Germany-based luxury fashion group Hugo Boss has reported a 1% decline in preliminary currency-adjusted group sales in the second quarter of fiscal year 2024 (Q2 FY24), compared to the prior-year level. Similarly, group currency-adjusted sales also saw a 1% decline, reaching €1,015 million (approximately $1.1 billion), compared to €1,026 million in the second quarter of fiscal year 2023.
Hugo Boss reported a 1% decline in currency-adjusted second-quarter sales of FY24 to €1.015 billion (about $1.1 billion). Sales rose 5% in the Americas but declined in EMEA and Asia-Pacific. Wholesale sales in physical stores grew 5%, while the digital business fell 4%. Operating profit fell to €70 million.

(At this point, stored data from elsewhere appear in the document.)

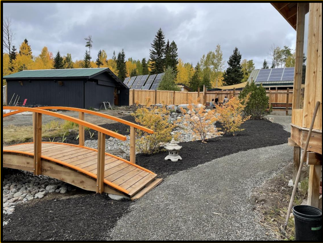
Japanese curved bridge and Saskatoon berries
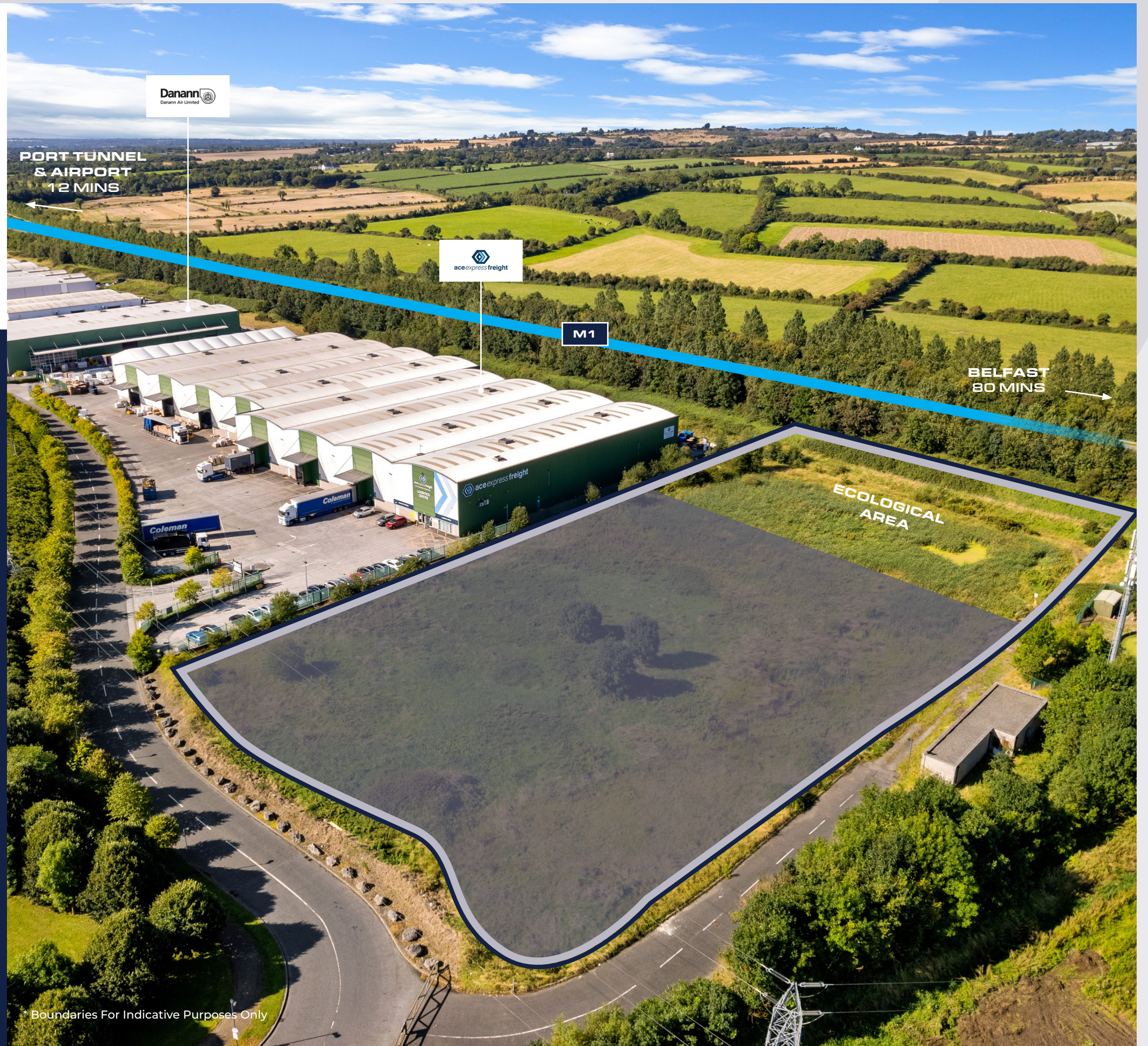
* Boundaries For Indicative Purposes Only
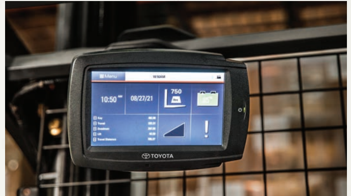
7" Color Touchscreen Display
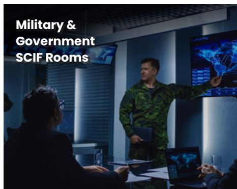
Military & Government SCIF Rooms
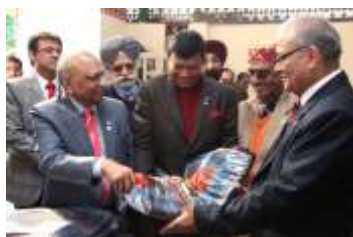
Blankets donated at Aasra Shelter
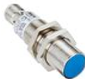
Magnetic Proximity Sensor
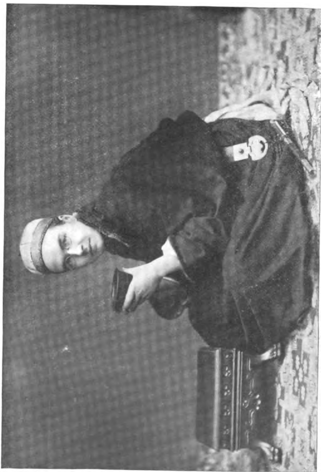
THE AUTHOR IN TIBETAN COSTUME.

The company's performance varied significantly across different regions. In the Americas, Hugo Boss continued its growth trajectory with a 5 percent increase in sales. However, this was offset by moderate revenue declines in Europe, the Middle East and Africa (EMEA) and Asia-Pacific, which fell by 2 percent and 4 percent respectively in the second quarter, the company said in a press release.
From a channel perspective, the company maintained its momentum in physical wholesale, with sales up 5%. In contrast, revenues from the group’s digital business decreased by 4% compared to the previous year. Physical retail also saw a slight decline in revenue, down 2%, reflecting lower store traffic.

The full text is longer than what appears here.